### [Aim of the exercise]
A faithful copy is needed of the lines below from the one with "A Avenida Nove" up to and including the one with "- Sturdy & Durable"; set it down with no pictures and no other lines.

[Given records — start]

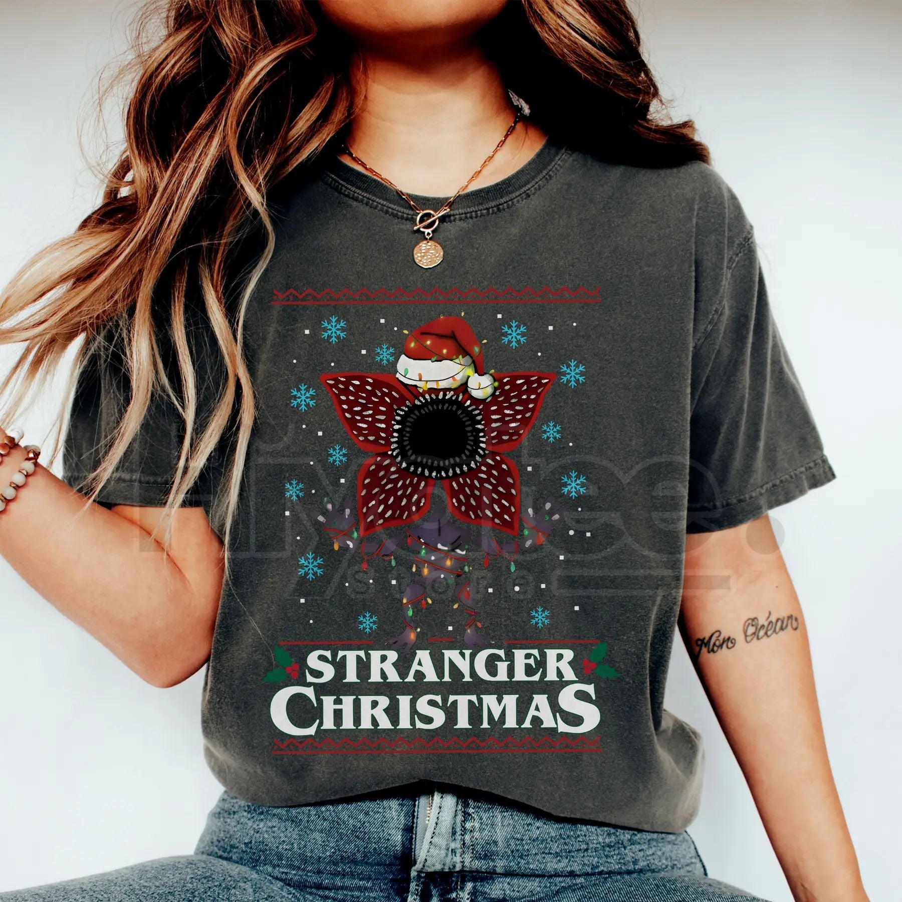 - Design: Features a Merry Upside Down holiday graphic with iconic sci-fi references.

[Given records — finish]
[Given records — start]

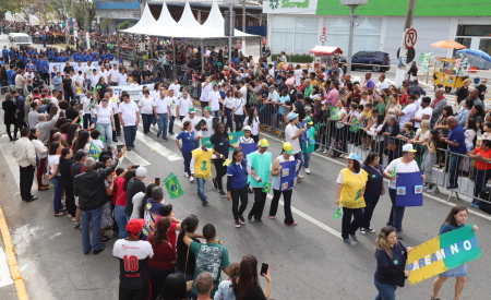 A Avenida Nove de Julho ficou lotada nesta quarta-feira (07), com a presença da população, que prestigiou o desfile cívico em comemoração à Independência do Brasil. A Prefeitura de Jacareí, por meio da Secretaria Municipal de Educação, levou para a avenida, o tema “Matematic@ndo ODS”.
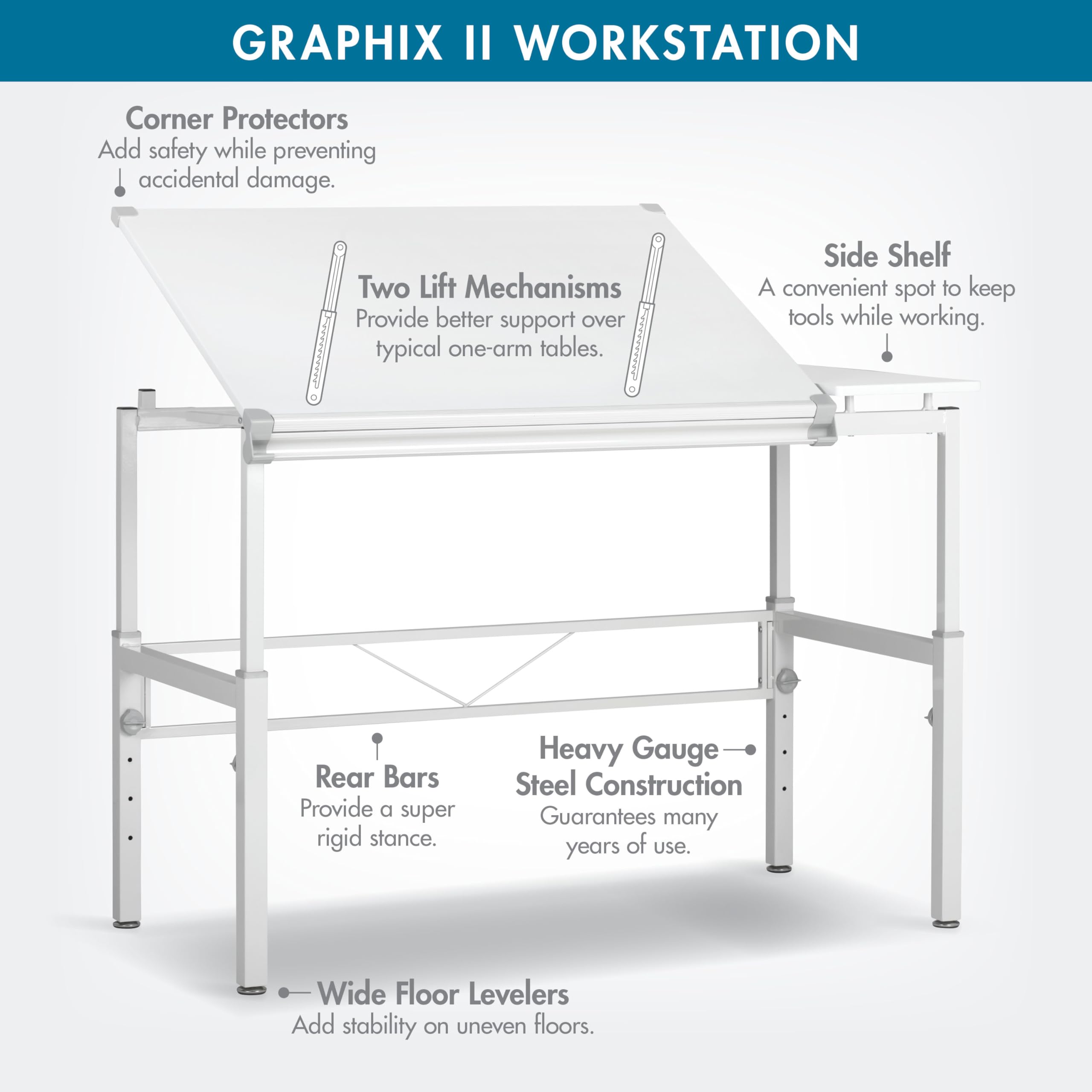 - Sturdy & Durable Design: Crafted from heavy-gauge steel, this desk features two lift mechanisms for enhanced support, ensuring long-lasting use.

[Given records — finish]
[Given records — start]

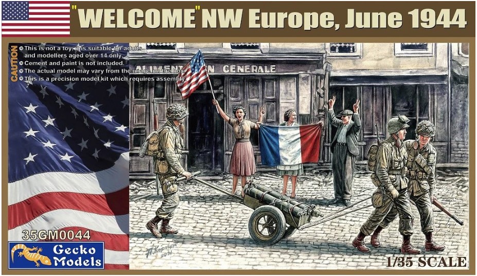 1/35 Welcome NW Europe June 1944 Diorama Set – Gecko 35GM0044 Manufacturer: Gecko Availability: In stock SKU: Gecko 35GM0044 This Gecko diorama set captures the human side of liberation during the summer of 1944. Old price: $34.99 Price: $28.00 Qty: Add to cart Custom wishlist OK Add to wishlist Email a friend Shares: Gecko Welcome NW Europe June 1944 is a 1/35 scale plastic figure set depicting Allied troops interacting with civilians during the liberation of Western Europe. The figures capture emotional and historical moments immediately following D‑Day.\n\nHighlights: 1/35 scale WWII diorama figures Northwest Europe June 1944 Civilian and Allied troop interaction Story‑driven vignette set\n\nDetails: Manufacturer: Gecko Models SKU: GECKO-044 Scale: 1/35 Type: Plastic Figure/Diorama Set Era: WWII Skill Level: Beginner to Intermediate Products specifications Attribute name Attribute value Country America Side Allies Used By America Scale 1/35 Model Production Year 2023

[Given records — finish]

### [Exercise output]
 A Avenida Nove de Julho ficou lotada nesta quarta-feira (07), com a presença da população, que prestigiou o desfile cívico em comemoração à Independência do Brasil. A Prefeitura de Jacareí, por meio da Secretaria Municipal de Educação, levou para a avenida, o tema “Matematic@ndo ODS”.
 - Sturdy & Durable Design: Crafted from heavy-gauge steel, this desk features two lift mechanisms for enhanced support, ensuring long-lasting use.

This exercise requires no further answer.